Abstract illustration of an LLM context window being compressed into a smaller, cleaner payload

Context Engineering Series #1: Beating Context Rot with Compaction

By Vinay Bhinde on Published 7 min read

This is the first post in a series on context engineering. We'll start with the most practical lesson from our own journey: when and why context compaction becomes the simplest, highest-impact fix for long-running agent conversations.


Why Context Engineering Matters

Context engineering is the discipline of deciding what information goes into the LLM context window, in what format, and when. It's not just prompt writing; it's the orchestration layer that keeps agents reliable as conversations and tool usage grow.

As Andrej Karpathy put it:

Context engineering is the art of filling the context window with just the right information for the next step (source)

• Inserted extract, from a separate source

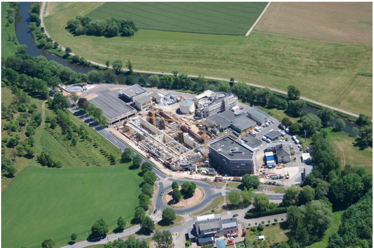
Vue aérienne sur le chantier de la station d'épuration à Blesbruck

For AI agents, this matters because reliability degrades as the conversation length grows. The longer the agent runs, the higher the risk of:

  • Instruction-following drift
  • Tool calling errors
  • Hallucinations in the absence of grounded data
  • Unpredictable behavior caused by irrelevant or stale tokens

If you're new to the term, we highly recommend the excellent write-ups by the Anthropic, Manus & LangChain teams, plus our own primers on context engineering: building effective AI agents and building accurate, reliable AI agents. They lay a great foundation for what context engineering is and why it's becoming a core engineering competency.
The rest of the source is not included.